I will create a module for sliding dot product in this PR,

seanlaw approved these changes

To make sure we are on the same page, I assume it is still okay to push changes here in this PR.

@seanlaw
Copy link
Contributor

seanlaw commented Jan 23, 2026

To make sure we are on the same page, I assume it is still okay to push changes here in this PR.

Yes, should be fine. If you feel like there are multiple distinct pieces or logical checkpoints then you may consider splitting it into multiple PRs. But if you are able to keep it simple, then we can do it here

@seanlaw
Copy link
Contributor

seanlaw commented Jan 27, 2026

@NimaSarajpoor It's not clear why we need to change docstring.py and how it relates to sdp. Perhaps we can handle anything that is wrong with docstring.py as a separate issue along with a unit test or clear example where it is currently failing?

The if-condition was changed from class_name is None to len(re.findall(r"Returns", docstring)) > 0. Because, with old condition, this line resulted in wrong outcome when it tries to capture param_section from a docstring that has an at least one output in its "Returns" section.

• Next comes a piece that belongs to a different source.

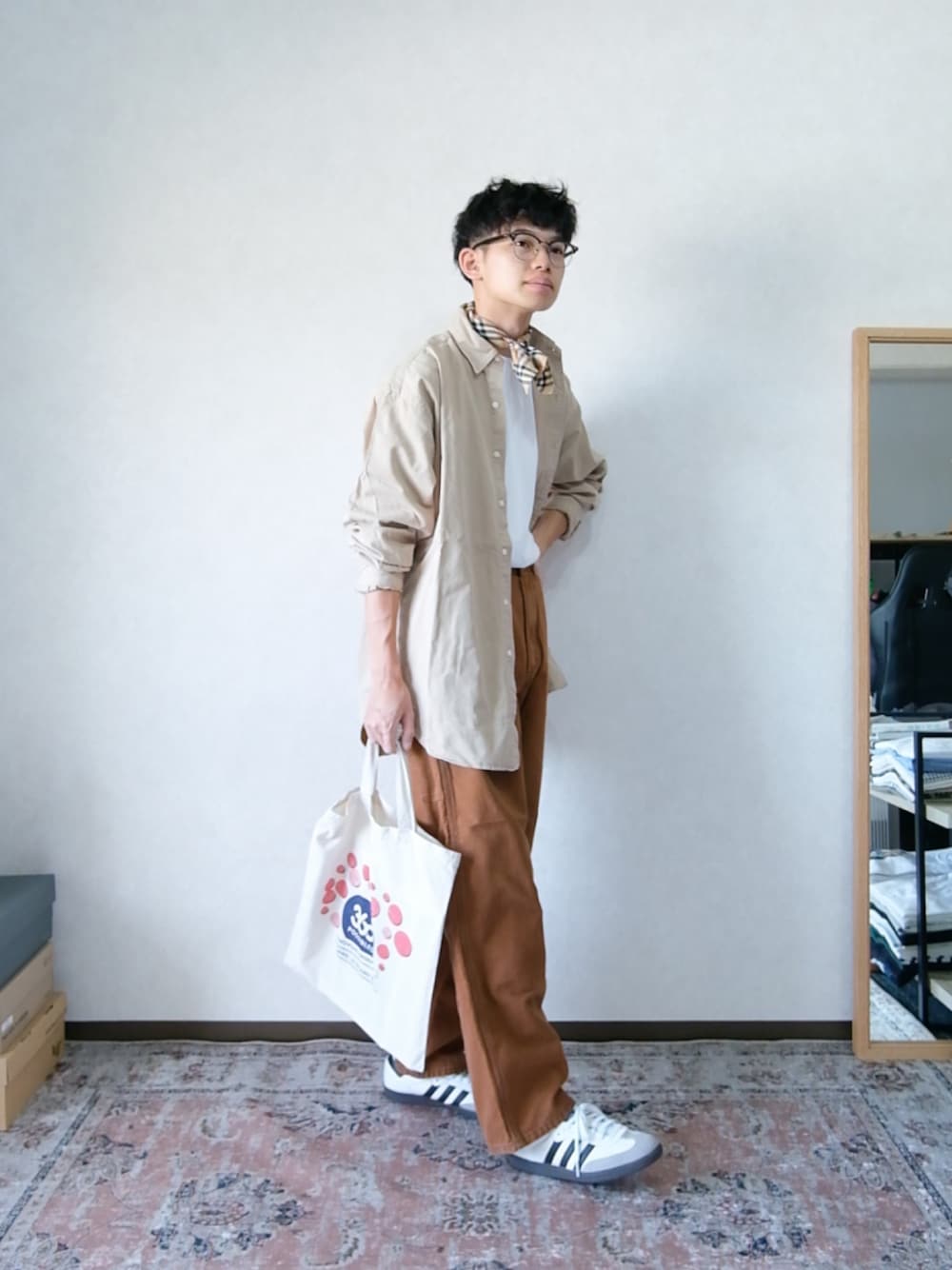 🙋🏾‍♂️ブラウンコーデです!     チェックのスカーフでラグジュアリーみを+

Frankly, I'm not following this comment and why it needs to be changed.

@NimaSarajpoor
Copy link
Collaborator Author

NimaSarajpoor commented Jan 27, 2026

The if-condition was changed from class_name is None to len(re.findall(r"Returns", docstring)) > 0. Because, with old condition, this line resulted in wrong outcome when it tries to capture param_section from a docstring that has an at least one output in its "Returns" section.

Frankly, I'm not following this comment and why it needs to be changed

and how it relates to sdp

The issue was exposed when I added pyfftw-based sdp, which is implemented using class. The class has the method __call__, which returns a value. Note that NO method in OTHER (EXISTING) classes in STUMPY returns a value, and that's why that issue was not exposed before. When method returns a value, its corresponding variable name (mentioned in the "Returns" section) was MISTAKENLY treated as "parameters" by docstring.py. See the else part in the following if-else block:

stumpy/docstring.py

Lines 26 to 33 in ce05903

if class_name is None:
params_section = re.findall(
r"(?<=Parameters)(.*)(?=Returns)", docstring, re.DOTALL
)[0]
else:
params_section = re.findall(r"(?<=Parameters)(.*)", docstring, re.DOTALL)[0]
args = re.findall(r"(\w+)\s+\:", params_section)

Perhaps we can handle anything that is wrong with docstring.py as a separate issue along with a unit test or clear example where it is currently failing?

Sounds good. I will create an issue for doscstirng.py

@seanlaw
Copy link
Contributor

seanlaw commented Jan 27, 2026

The issue was exposed when I added pyfftw-based sdp, which is implemented using class. The class has the method call, which returns a value. Note that NO method in OTHER (EXISTING) classes in STUMPY returns a value, and that's why that issue was not exposed before. When method returns a value, its corresponding variable name (mentioned in the "Returns" section) was MISTAKENLY treated as "parameters" by docstring.py.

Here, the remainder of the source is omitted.